3 prussiks and maybe a tibloc/ropeman.
2 ice screws. It is worth racking these on a screwed up screw gate so you don’t loose them!
6m or so of 7mm cord for rigging a sledge.
Harness - Lightest most simple one you can find. BD Couloir Looks good.
Ice axe - a nice simple mountaineering model around 55cms long. DMM Cirque, BD Venom and Grivel Airtech are all good. You can often get the excellent Mountain Technology Technical Axe second hand on Ebay for less than £20.
Crampons - A good 12 point pair with anti bailing plates. Make sure they fit your boots!

Things you don’t need!
Helmet - This is your decision, but I didn’t experience or notice any objective danger.
Snow stakes - There are loads insitu anyway.
Head Torch - If you are going in June it doesn’t get dark, just cold! It might be worth taking one if you are going in early May however.
Any rock gear - If you are planning on doing any of the climbs around KIA (Kahiltna International Airport), stash the gear you need for those there. Don’t lug it up Denali!

Blagging food and fuel

Whilst I wouldn’t recommend taking no food. Count on being given a whole load of food and white gas at 14k Camp by bailing parties trying to lighten the load.

For a three to four week trip I would probably buy 3 gallons of white gas. Leave one in you cache at KIA along with two days food and other crap you don’t need.


We ate fairly standard camping food like we would in the UK or Alps. 2 Sachets of instant oatmeal for breakfast. A bagel with cream cheese and pepperoni for lunch. 6 chocolate or ceral bars for throughout the day. A big pasta meal for dinner.

We also brought a big jar of Jelly Belly beans that provided hours of entertainment.

A bagel fried in butter makes a great rest day lunch. 

You can’t buy decent chocolate or tea in the US so take a few big bars of Dairy Milk and a box of Yorkshire Tea out with you! We were ecstatic when some departing Brits gave us a big bar of Dairy Milk!

Freeze dried meals are expensive, but they are very quick to make and yummy. It is well worth buying a few of them to eat when you are knackered after a hard day of sledge hauling or an acclimatization run to 17k.
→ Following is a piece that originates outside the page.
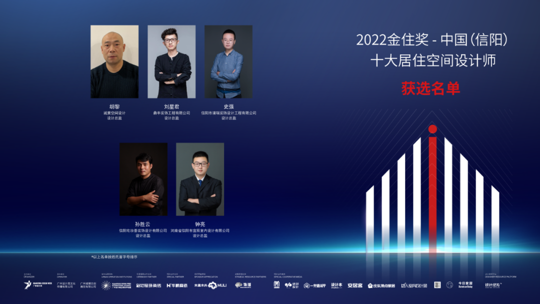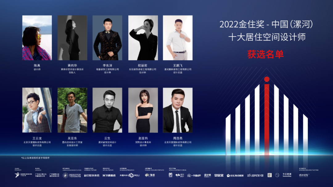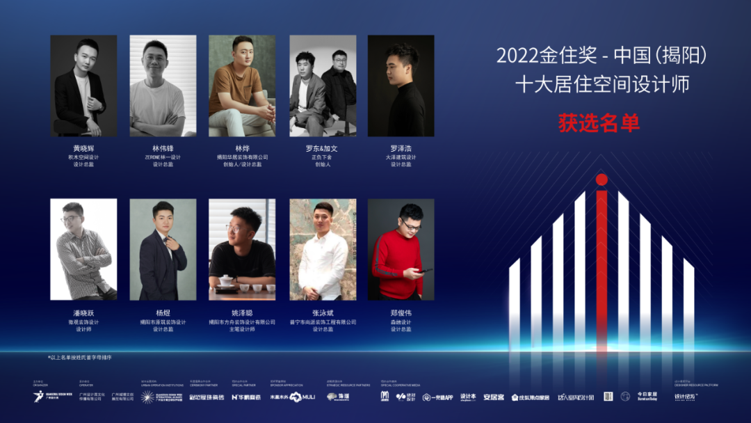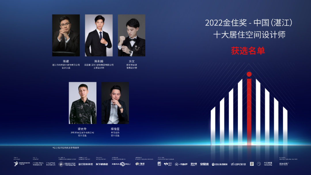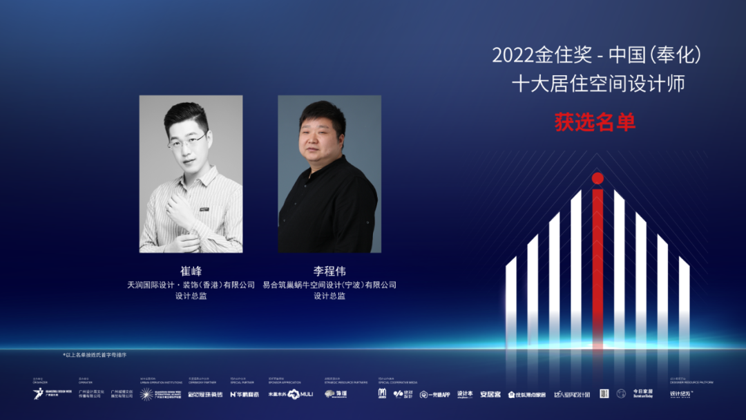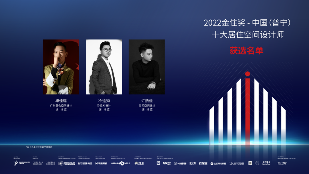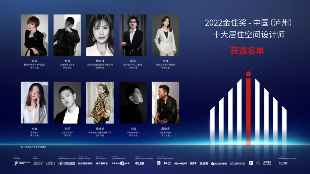 恭喜以上優秀設計師榮獲“2022金住獎-中國(城市)十大居住空間設計師”,并獲得最終角逐“2022金住獎-中國百杰居住空間設計師”的資格!同時各位獲獎設計師也將參加于廣州設計周同期舉辦的『2022金住獎-中國(城市)十大居住空間設計師』頒獎典禮!“2022金住獎-中國(城市)十大居住空間設計師”獲選名單將陸續發布,敬請期待!

The Mountain House ones are really tasty.

We didn’t take any but we blagged some GU brew from a departing team. It’s really good. I’ll buy some next time. We had a big jar of Tang, which was really great for making melted water taste better.

Cooking stuff

Me brewing up at 17k Camp on our summit day. We drank two litres of water each here, ate a freeze dried meal each and melted an extra litre to take with us.
Take two MSR XGK stoves. We took a Whisperlite and an XGK and the Whisperlite was nowhere near as good. It’s worth taking a spare pump as in my experience they break. A service kit is also recommended as is a good understanding of how your stove works.

Make a small stove board out an off cut of wood. If you want to be really plush coat it in heavy duty tinfoil to reflect the heat!
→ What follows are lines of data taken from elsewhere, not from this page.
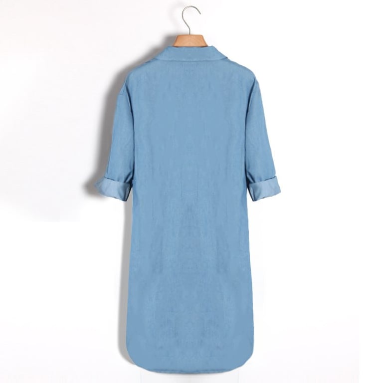Damenjeanskleider mit Dreiviertelärmeln und V-Ausschnitt mit Kragen. Das Kleid hat einen lockeren, geraden Schnitt und zwei seitliche Taschen. Erhältlich in zwei Varianten.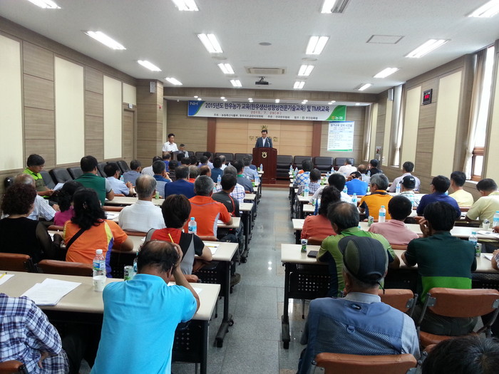 ▲한우농가 관계자들이 ‘한우생산성향상전문기술’ 교육을 받고 있다. |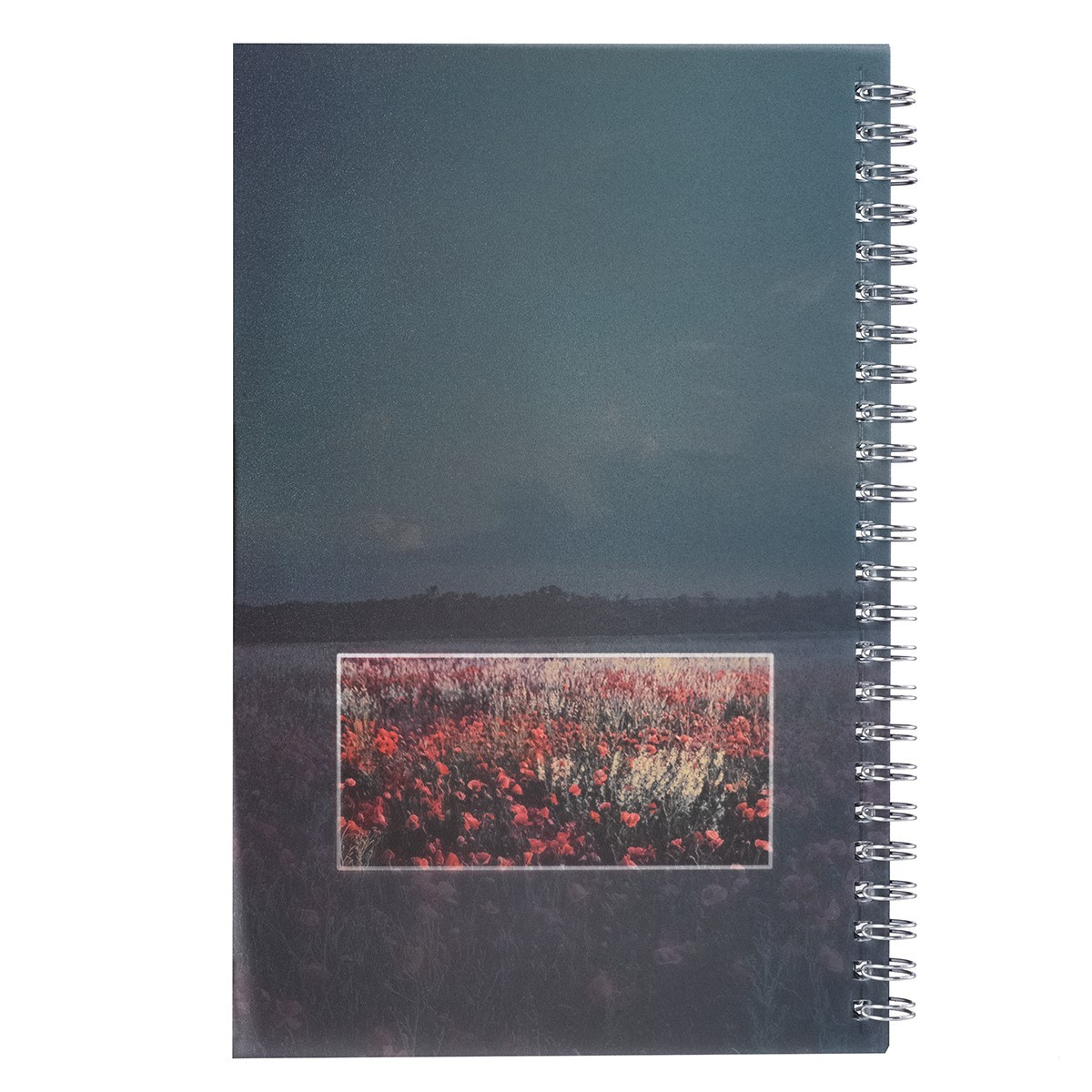 The flexible and translucent PVC cover features a full-color image of a red poppiest field that is contrasted against a greenish blue sky. The title is featured in bold white lettering.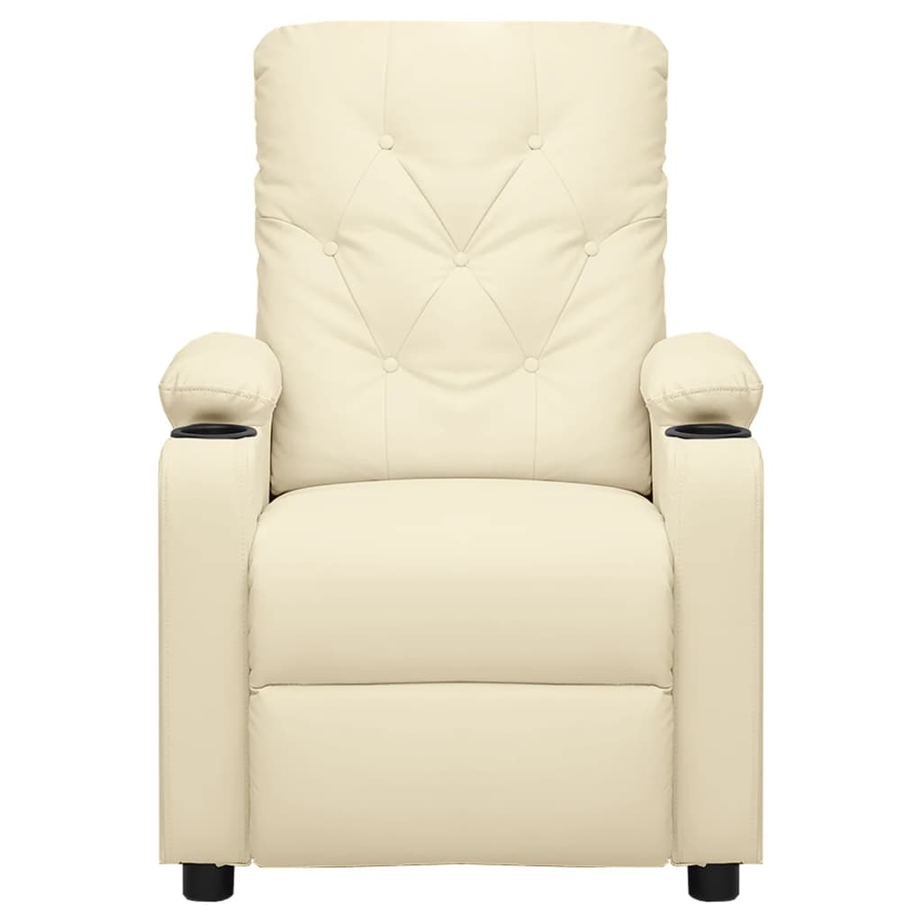 Lehne sich zurück und entspanne sich in diesem äußerst bequemen Relaxsessel! Manuelle Liegefunktion: Der Sessel kann manuell in 3 Positionen verstellt werden, so dass die Rückenlehne und der Fußteil je nach Bedarf eingestellt werden können.Bequemes Sitzerlebnis: Der dick gepolsterte Sitz, die Rückenlehne und die breiten, mit Kunstleder bezogenen Armlehnen sorgen für ein behagliches und angenehmes Sitzgefühl. Künstliches Leder ist ein äußerst langlebiges Material. Es ist schmutzabweisend und lässt sich mit einem feuchten Tuch einfach reinigen. Durch die glatte Oberfläche weist es die luxuriöse Schönheit von Echtleder auf.Solider und stabiler Rahmen: Der Rahmen aus Holz und Metall sorgt für eine solide Struktur und hohe Stabilität. Dieser TV-Sessel ist bequem und langlebig.

Take a massive 4 litre pan for melting snow as well as a couple of medium sauce pans for cooking in. Don’t bother with a camping frying pan. In my experience they are expensive and don’t work very well. Buy a cheap medium sized one from a supermarket. Take lots of lighters.


It is cold in Alaska, but I didn’t think it was anywhere near as cold as folk make it out to be. I don't mean turn up in shorts and tee shirt, just take all the hyperbole about it being the coldest mountain on earth with a pinch of salt. Think Scottish winter plus double boots, puffy trousers, a couple of good pairs of mitts and a duvet jacket (but not one so thick that you'll have to commit goose genocide to fill it).
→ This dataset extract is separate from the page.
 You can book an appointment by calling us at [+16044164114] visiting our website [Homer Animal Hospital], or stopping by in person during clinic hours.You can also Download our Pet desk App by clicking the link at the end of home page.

Livingstone above Denali Pass with puffy trousers and a big down jacket - Chilly!
Low down on Denali it can get really warm and hiding from the sun becomes a big issue. It isn’t going to rain so you don’t need waterproofs.

The following is more than enough clothing for a trip up Denali. There is no point taking too much stuff as it just adds unnecessary weight.

Double boots are essential. I wore Spantiks without issues. Scarpa Phantom 6000m look good too. If you are wearing conventional plastics (Scarpa Vegas) then a pair of Forty Below overboots is probably prudent for the summit day
Socks - 3 pairs of quality merino wool socks. Teko Expedition socks are superb.
Gaiters if you softshell trousers don’t have any
A pair of synthetic or Down booties are nice luxury.

3 pairs of wool boxers
Thin long johns
Warm softshell trousers - Ideally in a light colour. I used Mountain Equipment G2s.
Powerstretch bibs - Tights will do but the bibs are brilliant for eliminating cold spots.
Primaloft overtrousers with full side zips. These are good for the summit day and also for sitting around 14k.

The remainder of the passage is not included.